The corners of Betsy's mouth twitched. Denis knew then that he'd made a mistake with the word. "Bipartisanship," she said slowly, "is what I think you mean. "
Denis waved away her comment. "That doesn't matter, you're dodging my question. So tell me that you didn't do it!"
Betsy drew a deep breath and smiled at him serenely. "I really don't know what you're talking about."
"Betsy, I've seen you change the subject on someone too many times to just let you get away with it. Tell me about what happened yesterday."
Betsy picked up the woodcut and studied it again. She spent nearly a full minute ignoring him. Denis knew that she was doing it on purpose to goad him for being nosy.
"What did you hear?" she said finally.
"That you and Albert were seen out together, in fact that you were quite the pair of lovebirds. Is this becoming serious?"
She scoffed. "No! It is not becoming serious! Not in any conceivable way, shape or form. If Albert has been telling tales like that, I will teach him the meaning of the words 'unending pain!'"
"There are some people who would say that pain was a definition of marriage," Denis mused. Seeing Betsy's scowl he held up his hands in a defensive pose. "But I'm not one of those people. I also heard something about a table that you were hiding under."
Betsy's eyes grew as big as coins and her face flushed red with embarrassment. "Oh Lord! Please tell me that you heard that story from your cousin and not one of the town gossips!"
Seeing her distraught expression, Denis took pity on her. "You can rest easy. I did hear that from Mirari. Did you meet with that playwright that she wanted to introduce you to?"
"Cyrano de Bergerac, in the flesh!" Betsy grinned and bounced on her toes. In her excitement, she appeared to have instantly forgotten Albert. "And he looks nothing like Steve Martin!"
Denis knew better than to ask who Steve Martin was. Not asking the "who" question too often was one of the first things he had learned after meeting Betsy Springer. "What did he want? Mirari wouldn't tell me."
"He wants me to write down everything I know about some obscure sitcom from the fifties. He thinks it's an up-time classic that would be perfect to adapt it into a play. " Her eyes got a faraway look in them. "I think he may even give me writing credit!"

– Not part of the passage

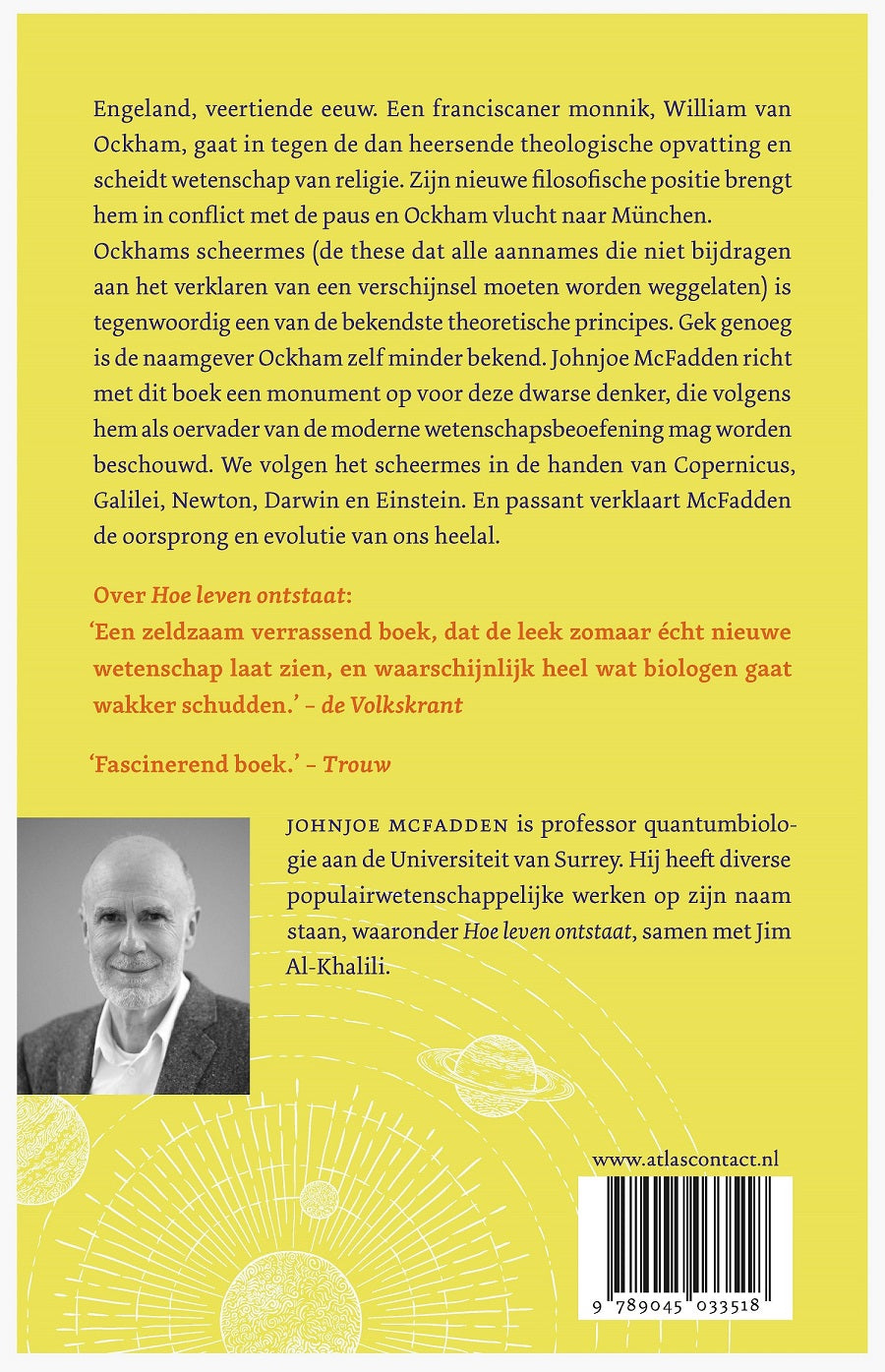In ‘Leven is eenvoudig’ richt Johnjoe McFadden een monument op voor William van Ockham, een dwarse denker, die volgens hem als oervader van de moderne wetenschapsbeoefening mag worden beschouwd. We volgen het scheermes in de handen van Copernicus, Galilei, Newton, Darwin en Einstein. En passant verklaart McFadden de oorsprong en evolutie van ons heelal.

"If you're going to work on this play with him, then that should keep you out of trouble. And out of Albert's notice as well," Denis said. "Will you be hanging around the office for a while?"
She glanced around the room warily. Denis couldn't be sure if she was looking for emergency exits or to see if Albert was lurking in the shadows.
"Why not? Albert knows where I live. I don't want him hanging around there, getting too friendly with my mother." Betsy looked a little sad. "Ever since Dad died, she's been hinting that I should find a good man, settle down and start giving her grandkids. She doesn't need any encouragement from him."
****
Betsy slipped from Denis's mind as he worked on the woodcut. At least until Mirari ran into the workroom.
"Denis, have you seen Betsy?" Mirari looked shaken.
Denis's wave took in the room. "She was working on her notes for Mondemoiseau de Bergerac's play and hiding from Albert, until about a half hour ago. But she decided to get some air."
"Oh dear," Mirari said. "We need to find her, and soon! Mondemoiseau de Bergerac has challenged Albert to a duel!"
"What? Why?"
"Albert must have seen Betsy with us at dinner last night after all and assumed that I was trying to set her up on a date. So he insulted Mondemoiseau de Bergerac's nose."
Denis blanched. "Good Lord! I thought she was exaggerating but I guess Albert is as much an idiot as Betsy said he was!"
Mirari nodded at that. "And Mondemoiseau de Bergerac's cousin has yet to appear. If he were here, he could probably put a stop to all of this foolishness. But now . . ." She trailed off and shook her head. "If we don't get Betsy to intervene, I'm afraid that Mondemoiseau de Bergerac will kill Albert!"